When an “album creating event” is reported from the event handler, a “regular album creating process” starts (step S904). The regular album creating process is the same as that of the first embodiment, and is thus not further described.

Furthermore, when a “view start event” is reported from the event handler, a “view process” is started (step S906). The view process is the same as that of the first embodiment, and is thus not further described.

Furthermore, when an “end event” is reported from the event handler, the operating system itself is ended.

FIG. 24 is a flowchart indicating the flow of a voice keyword registration process executed by the image reproducing device 2 according to the second embodiment. For example, the present flowchart is executed as a function of the voice keyword extracting unit F. Furthermore, the present flowchart is started after instructing the image reproducing device 2 to perform a face recognition process on image data desired by the user, or after the image reproducing device 2 automatically performs a face recognition process on a newly registered image.

First, the user is prompted to select whether to register a name for a face image for which a name has not yet been registered, among the faces that have been recognized by a face recognition function (step S1000). When the user selects not to register a name, the voice keyword extracting unit F ends the process of the present flowchart.

When the user selects to register a name, the voice keyword extracting unit F displays an information registration screen to be used by the user for registering information such as a name in association with the face, and waits for a user to input information (step S1002).

When the user inputs information, the voice keyword extracting unit F writes, in an image subject association table attached in the image database 14A, the name, how the name is called, and attribute information input by the user (step S1004). The voice keyword extracting unit F writes in the name as a “subject name”, the attribute as an “attribute”, and how the name is called as a “subject call name”.

Next, the voice keyword extracting unit F writes the added value of the image subject association table in the voice keyword database 14D (step S1006), and returns to step S1000. The voice keyword extracting unit F writes the subject name as “display name”, the subject call name as “call name”, and the subject index as “relevant condition”.

By the above process, a name associated with a face image is registered as a voice keyword, and when the voice keyword is spoken, a relevant album is created, and an image area Da including a “recommended album” is displayed as in the first embodiment.

In the following, other processes are described.

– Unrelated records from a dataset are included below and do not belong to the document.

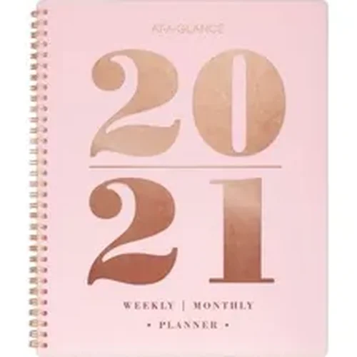 Fashion and organization combine in this stylish weekly/monthly planner from the AT-A-GLANCE Solid Collection. Soft blush pink complements the brilliance of rose gold foil stamping that accentuates the year. Dated planning pages range 13 months from July to July. High-quality paper features superior ink bleed-resistance. Two-page-per-week spreads offer ruled daily entries from Monday to Sunday plus a Notes & Ideas section to jot down reminders and to-dos, count of days/days remaining and holidays. Two-page-per-month spreads feature unruled daily blocks, notes space and past and future months reference. Each month is tabbed in rotating colors for easy access. Special pages include one future planning, four contacts and six notes. Double-sided poly pocket stores loose sheets. Rose gold twin-wire binding keeps pages securely together and lets the planner lie flat. Interior 8-1/2" x 11" pages feature a clean font printed in a rotating complementary palette.
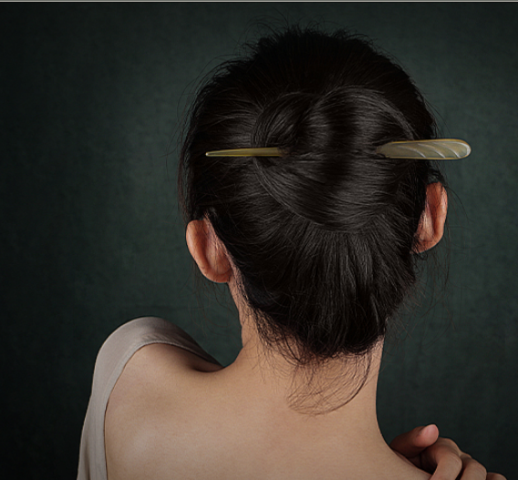 爆款天然牛角古風氣質髮簪(秋葉中款)(尺寸:簪長15cm)
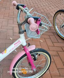 bicicletta bambina raggio 16 a cui si possono applicare rotelle bianco e rosa
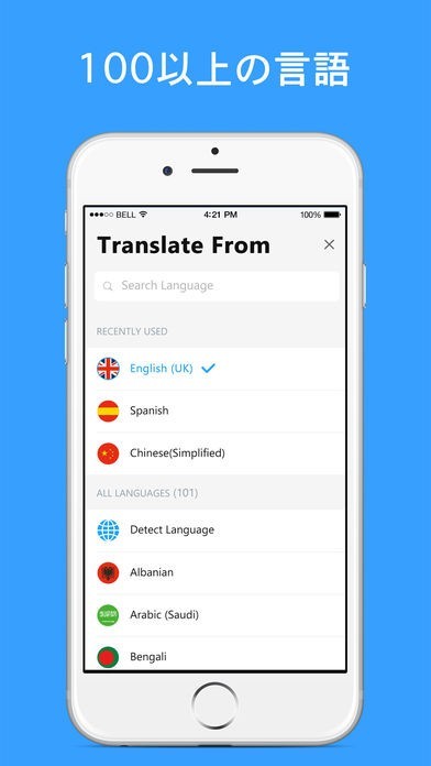これは、あらゆる言語を素早く翻訳できる、多言語翻訳アプリです。Appleの音声認識機能のサポートにより、文字だけでなく音声の翻訳も可能です。音声翻訳は42の言語に対応しています。

As to the regular album creating process, the main flow is similar to that of the first embodiment. However, in step 5300 of the flowchart in FIG. 10, an option of an album created by face recognition is included in the rules for the album to be presently created. For example, at the end of the year in 2011, when an album of a person who has been photographed during 2011 is to be created, an album such as “Masahiko in 2011”, “Akina in 2011”, “Taro in 2011”, and “Hanako in 2011” is to be selected. Accordingly, an album pertinent to face recognition is created in the regular album creating process.

As to the view process, the call name of the name is registered in the voice keyword database 14D, and therefore when the name registered in the voice keyword database 14D is spoken while reproducing images, the relevant album creating process is started.

In the relevant album creating process, when the detected voice keyword is “Taro”, the voice keyword database 14D is searched, and ID=50003 is obtained. The second creating part A_2 refers to the value in the field of relevant conditions in the corresponding record, and acquires a relevant condition “Pname=3”. When the album presently being displayed is “One-man exhibition of Hanako” (in the case of ID=10001, R=4), the second creating part A_2 according to the second embodiment acquires the date condition, time condition, and face condition of this album. In this case, the date condition and time condition are NULL, and the face condition is “Nn=Y, Pcount=1, Pname=4”.

The second creating part A_2 according to the second embodiment creates the relevant album pertinent to the date condition and the time condition by the same logic as the first embodiment. Meanwhile, as to the face condition, the second creating part A_2 according to the second embodiment uses two conditions of a case where the logical product (AND) is taken and a case where a new condition is set. In the above example, when the logical product (AND) is taken, the condition is “Nn=Y, Pcount=1, Pname=3AND4”. However, this condition contradicts the condition of “Taro and Hanako are included in the same image, and the number of subjects is one”, and therefore it is not possible to take the logical product (AND). In this case, a new condition is used, which is “Nn=Y, Pcount=1, Pname=3”, and “One-man exhibition of Taro” is created. According to the above process, when a word “Taro” is spoken while reproducing the album of the One-man exhibition of Hanako, an album of “One-man exhibition of Taro” is created as a relevant album.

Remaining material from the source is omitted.